Breaking the Communities: Characterizing community changing users using text mining and graph machine learning on Twitter
This work addresses political polarization and echo chambers on social media, offering a method to identify users who bridge ideological divides, though it is incremental in applying existing NLP and graph ML techniques to this domain.
The paper tackled the problem of ideological isolation on social media by characterizing users who switch between polarized communities on Twitter, finding that these 'community breakers' have low PageRank values, indicating their messages receive little response in their original communities.

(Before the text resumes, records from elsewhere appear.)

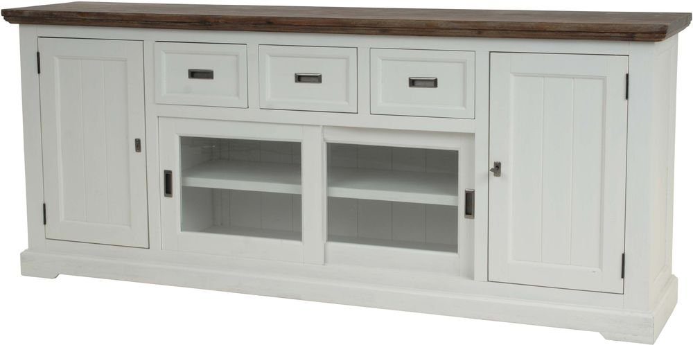 Robust och stiligt sideboard i vitt med mörk lackad och antikbehandlad topp. Gott om förvaring bakom de 2 st dörrarna, 2 st skjutdörrar med glas och 3 st lådorna.
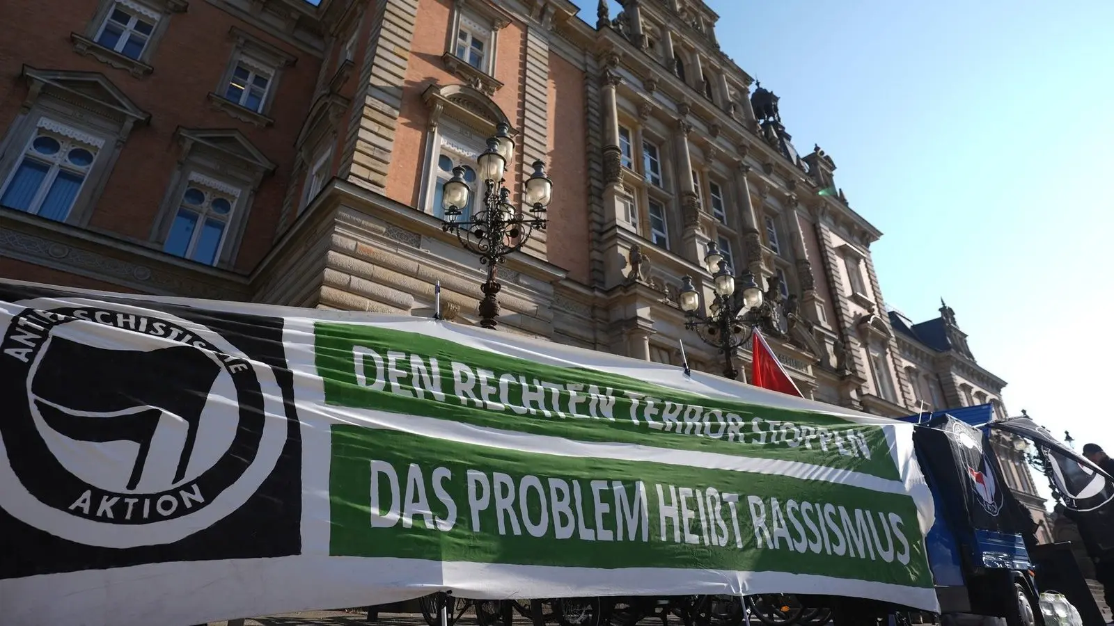 Vor dem Gerichtssaal demonstrierten Mitglieder der Antifa. Auf einem Banner stand „Den rechten Terror stoppen. Das Problem heißt Rassismus“.
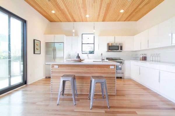 2、厨房天花板这种好桑拿板,桑拿板在国外家居装饰中更常见,需要与装饰整体风格协调,是一种原木材料,经过高温脱脂处理,具有耐高温、不易变形等特点,但也具有良好的防水防腐效果。其表面的木材质地给人一种回归自然的舒适感,事实上,它也可以改变颜色,适合各种设计风格。缺点是,如果拆卸非常具有破坏性,所以最好在安装时留下一个可以进行维护的开口。长期处于干燥的环境中更容易开裂,通常需要业主更加注意更多的维护。
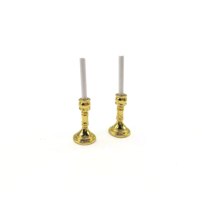 Миниатюрные аксессуары для кукольного домика, подсвечник-палочка, металлический, золотого цвета, украшение для дома, рождественской вечеринки, центральное украшение стола, 112
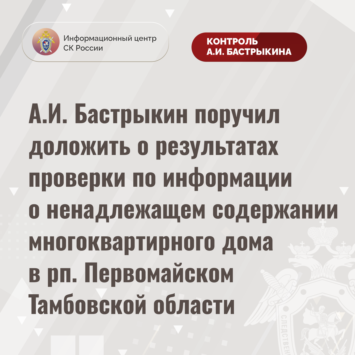 А.И. Бастрыкин поручил доложить о результатах проверки по информации о ненадлежащем содержании многоквартирного дома в рп. Первомайском Тамбовской области В сети Интернет сообщается о ненадлежащем содержании многоквартирного дома в рабочем поселке Первомайском Тамбовской области. Более трех лет в здании 1965 года постройки подвальные помещения регулярно затапливаются канализационными стоками и ливневыми водами, что может привести к разрушению несущих конструкций. Многочисленные обращения граждан в профильные структуры результатов не принесли. В СУ СК России по Тамбовской области организована процессуальная проверка. Председатель Следственного комитета Российской Федерации Александр Иванович Бастрыкин поручил и.о. руководителя СУ СК России по Тамбовской области Андрею Николаевичу Чапанову доложить о промежуточных результатах процессуальной проверки и принятом по итогам решении. Исполнение поручения, а также ход процессуальной проверки поставлены на контроль в центральном аппарате ведом

Even though the Internet and social media have increased the amount of news and information people can consume, most users are only exposed to content that reinforces their positions and isolates them from other ideological communities. This environment has real consequences with great impact on our lives like severe political polarization, easy spread of fake news, political extremism, hate groups and the lack of enriching debates, among others. Therefore, encouraging conversations between different groups of users and breaking the closed community is of importance for healthy societies. In this paper, we characterize and study users who break their community on Twitter using natural language processing techniques and graph machine learning algorithms. In particular, we collected 9 million Twitter messages from 1.5 million users and constructed the retweet networks. We identified their communities and topics of discussion associated to them. With this data, we present a machine learning framework for social media users classification which detects "community breakers", i.e. users that swing from their closed community to another one. A feature importance analysis in three Twitter polarized political datasets showed that these users have low values of PageRank, suggesting that changes are driven because their messages have no response in their communities. This methodology also allowed us to identify their specific topics of interest, providing a fully characterization of this kind of users.